On a sector level, 10 of the 11 S&P 500 sectors finished the fourth quarter with a positive return, although only two of the 11 ended 2022 with gains. Energy outperformed other sectors not just in the fourth quarter but for all of 2022. In the fourth quarter, energy stocks were helped by progress on the post-Covid economic reopening in China which increased energy demand expectations, while a falling dollar was an added tailwind for commodities including oil and gas. More to that point, the other strong sector performers in the fourth quarter were industrials and materials, which also benefitted from an improving Chinese demand outlook and a weaker U.S. dollar. For the full year, energy was, by far, the best-performing sector in the market as an early-year surge in oil and natural gas prices in response to increased geopolitical risks and reduced Russian supply helped push energy stocks sharply higher. Defensive sectors, specifically utilities and consumer staples, were the next best-performing sectors finishing the year with small gains and losses, respectively, again as investors rotated towards less economically sensitive corners of the market amid rising recession risks.
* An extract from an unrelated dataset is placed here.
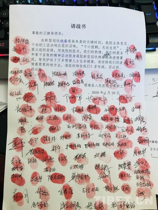 中國西藏網(wǎng)訊 “請安排我們到疫情最需要的地方去,請組織相信我們!若有戰(zhàn),召必回,戰(zhàn)必勝?!?月29日,理塘縣人民醫(yī)院100余醫(yī)護人員在一份集體請戰(zhàn)書上莊嚴簽名。
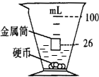 (3)量杯中水面处刻度V3=26ml,硬币的总体积v=V3-V1=26ml-22ml=4ml=4×10-6m3,

The tech sector and those sectors with overweight exposure to high-growth companies badly lagged in the fourth quarter and over the course of 2022. In the fourth quarter, communication services were only fractionally positive while the consumer discretionary sector posted a negative return on weakness in high-growth internet and consumer stocks. For the full year, those same two sectors posted the worst returns in the S&P 500, as investors shunned richly valued, growth-oriented tech companies.
Internationally, foreign markets handily outperformed the S&P 500 in the fourth quarter thanks to a large bounce in Chinese stocks as Beijing ended its “Zero-Covid” policy and commenced an economic reopening, while a falling dollar boosted global economic sentiment. Foreign developed markets outperformed emerging markets in the fourth quarter thanks in part to a large bounce in U.K. shares following the resignation of PM Truss and the abandonment of her fiscal spending and tax cut plan. For the full-year 2022, foreign developed markets registered solidly negative returns, but thanks to the fourth-quarter rally, relatively outperformed the S&P 500.
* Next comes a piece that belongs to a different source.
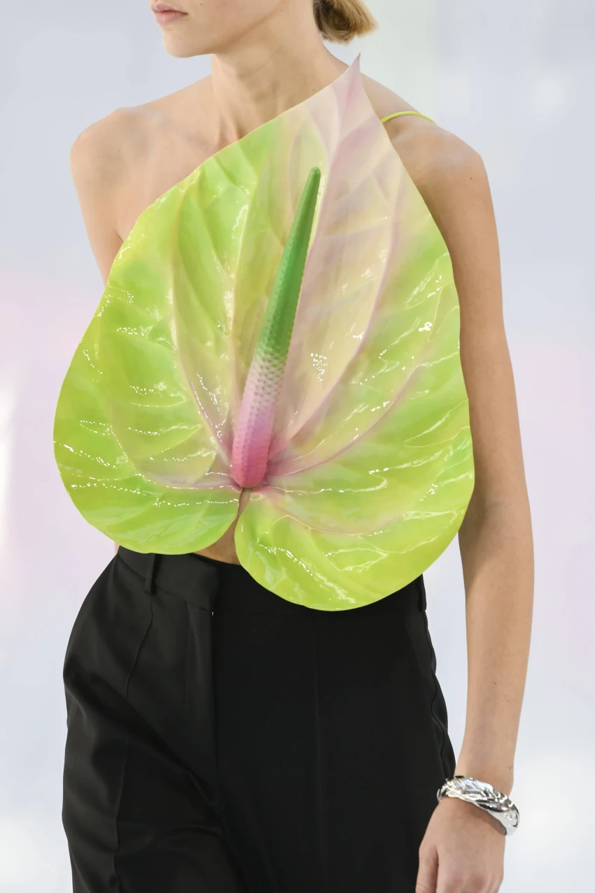 Oda antūrijas zieda skaistumam, protams, ir burtiska - pats tērps ir kļuvis par ziedu. Bet ja daba neiet pie sirds - sveiciens Minecraft un pikseļiem.

Commodities saw gains in the fourth quarter as both oil and gold logged positive returns. A falling dollar paired with an improving outlook for Chinese demand as the government moved towards reopening their economy pushed oil higher throughout the quarter. Gold, meanwhile, saw steady gains in the final three months of the year thanks primarily to the decline in the U.S. dollar. For 2022, commodities posted a large, positive return due to the significant gains in oil futures and other energy commodities that came in response to geopolitically driven supply concerns following Russia’s invasion of Ukraine. Gold, however, saw only a slightly positive return for 2022 as sharp rises in the U.S. dollar and Treasury yields midyear weighed on the yellow metal, limiting gains.
Switching to fixed income markets, the leading benchmark for bonds (Bloomberg Barclays US Aggregate Bond Index) realized a positive return for the fourth quarter but declined sharply for the full year of 2022, as more-aggressive-than-expected Fed rate hikes combined with decades-high inflation pressured most bond classes.
Q1 and 2023 Market Outlook
Markets ended 2022 on a decidedly negative note and the December losses helped to ensure that 2022 was the worst year for stocks since 2008 and the worst year for bonds in multiple decades, as both asset classes posted annual declines for the first time since the 1960s.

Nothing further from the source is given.